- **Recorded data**
+++++

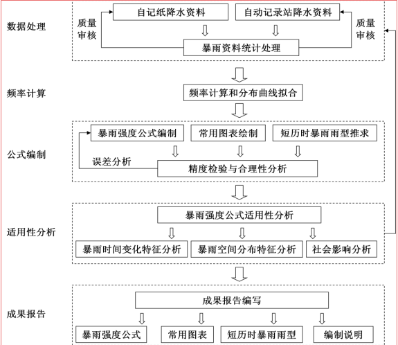 呼和浩特市暴雨強(qiáng)度公式編制的主要內(nèi)容包括資料處理、單一重現(xiàn)期暴雨強(qiáng)度公式擬合、區(qū)間參數(shù)公式擬合、暴雨強(qiáng)度總公式擬合、常用查算圖表編制、精度檢驗(yàn)、各強(qiáng)度暴雨時(shí)間變化特征和暴雨強(qiáng)度空間分布特征分析等內(nèi)容,具體流程如下:
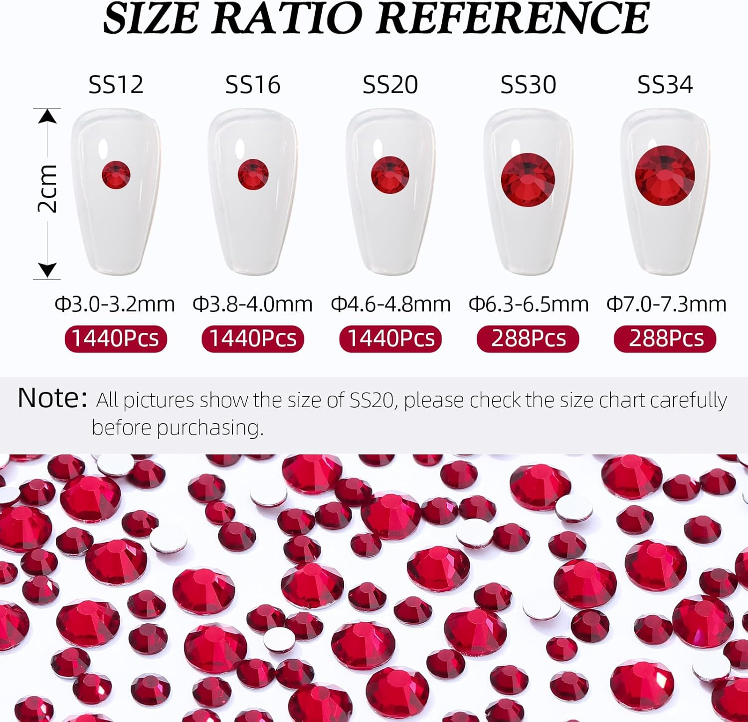 Siam Flatback Rhinestones, Glass Rhinestones for Nail Art and Craft, Glue Fix, Loose Crystal Gemstones(Siam, SS12, 1440pcs, 2.9-3.0mm)
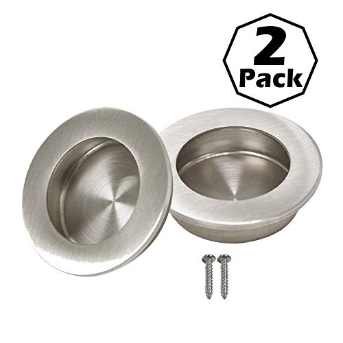 Gobrico 304# Stainless Steel Flush Recessed Door Handle Pull Drawer Inside Circular 50mm 2in Satin Nickel Finished2Pack
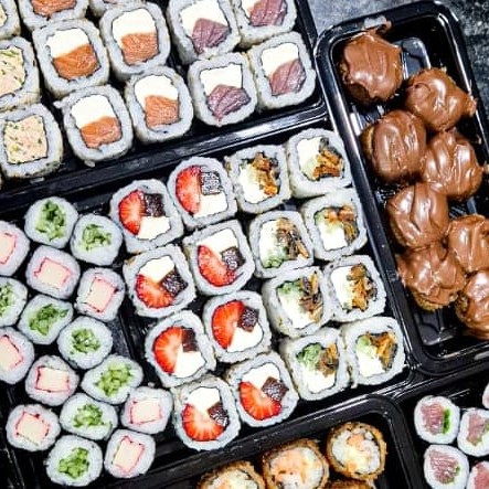 Sushi frito doce, com goiabada e cream cheese, empanado em farinha especial. Finalizado com leite condensado e coco ralado.
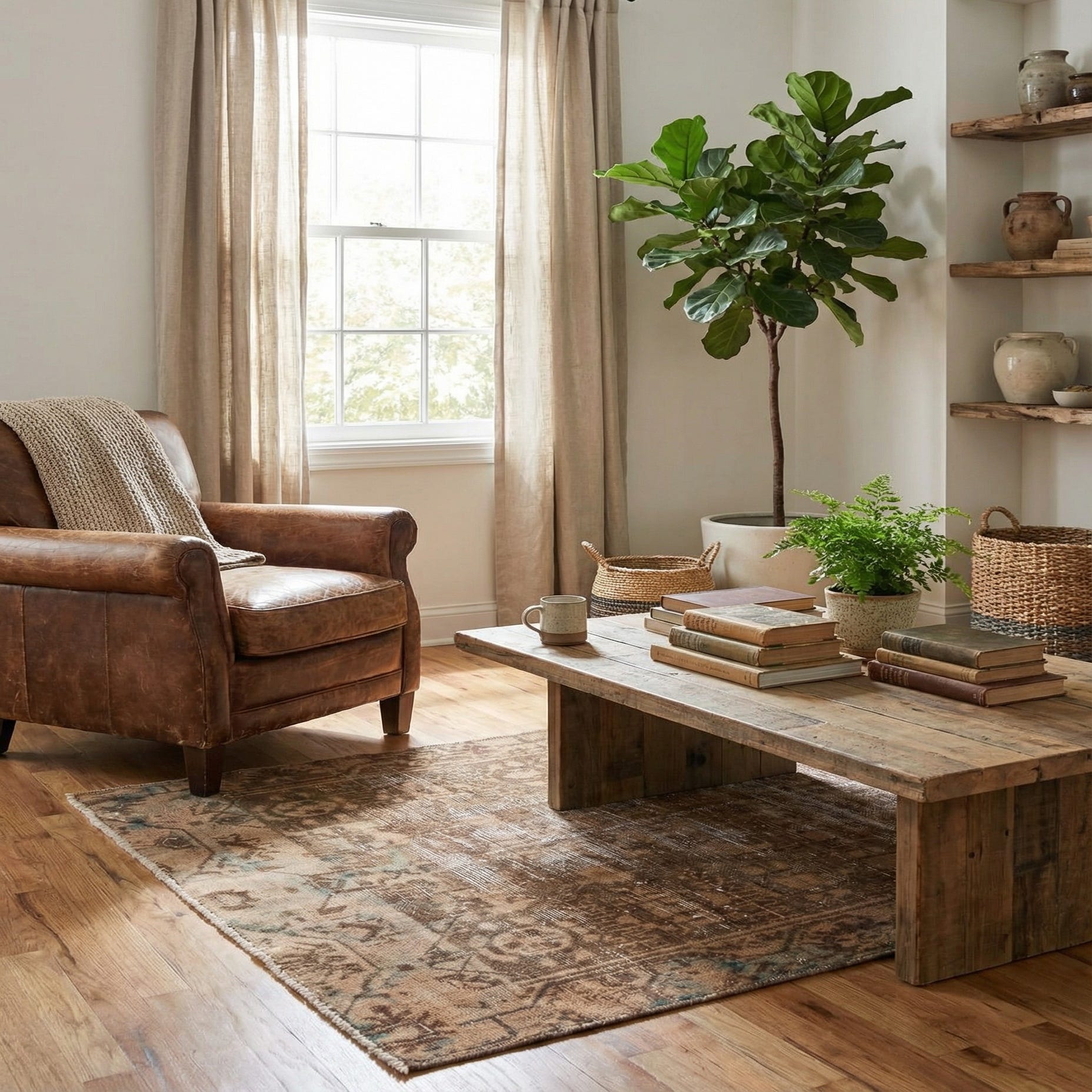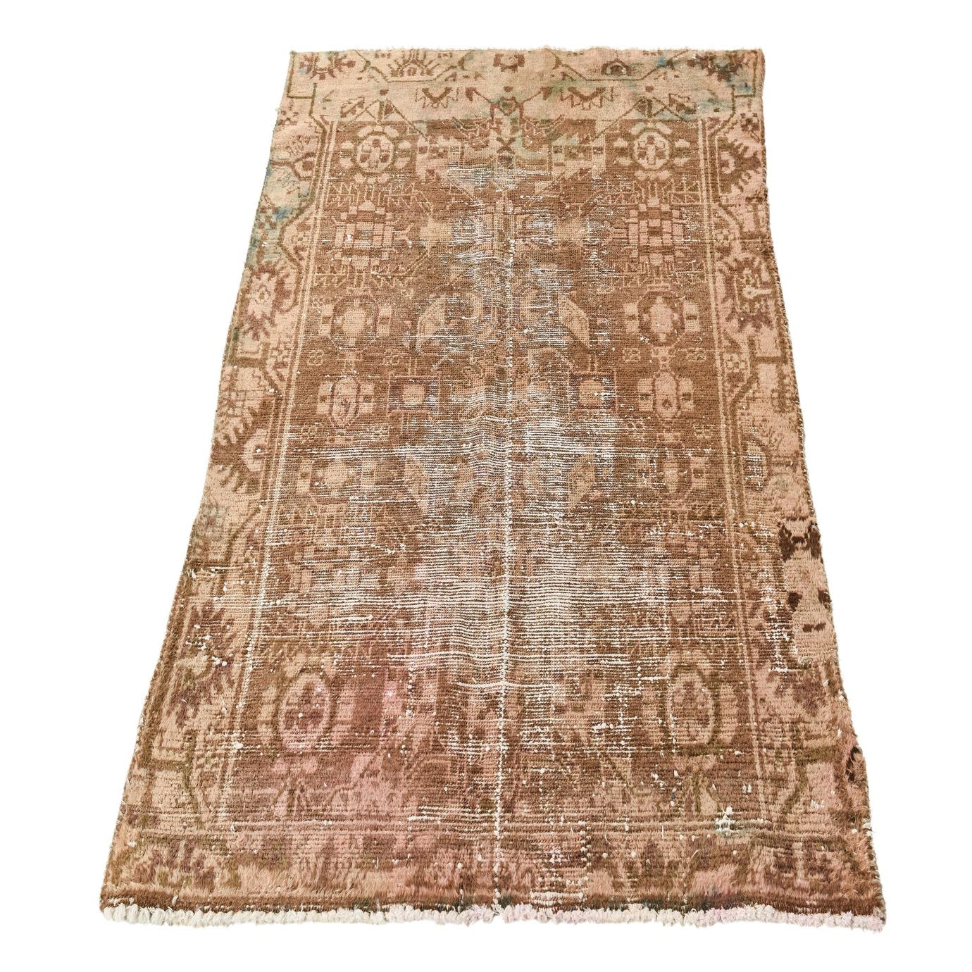 A 3x5 rectangular brown and tan Persian-style wool rug with a distressed, vintage look, featuring intricate patterns and a flat pile.

+++++

- **Problem to work on**
Where a picture appears in the records above, omit it, and transcribe exactly the stretch of lines from the one with "Gobrico 304# Stainless" through the one with "Sushi frito doce, com".

- **Solution below**
 Gobrico 304# Stainless Steel Flush Recessed Door Handle Pull Drawer Inside Circular 50mm 2in Satin Nickel Finished2Pack
 Sushi frito doce, com goiabada e cream cheese, empanado em farinha especial. Finalizado com leite condensado e coco ralado.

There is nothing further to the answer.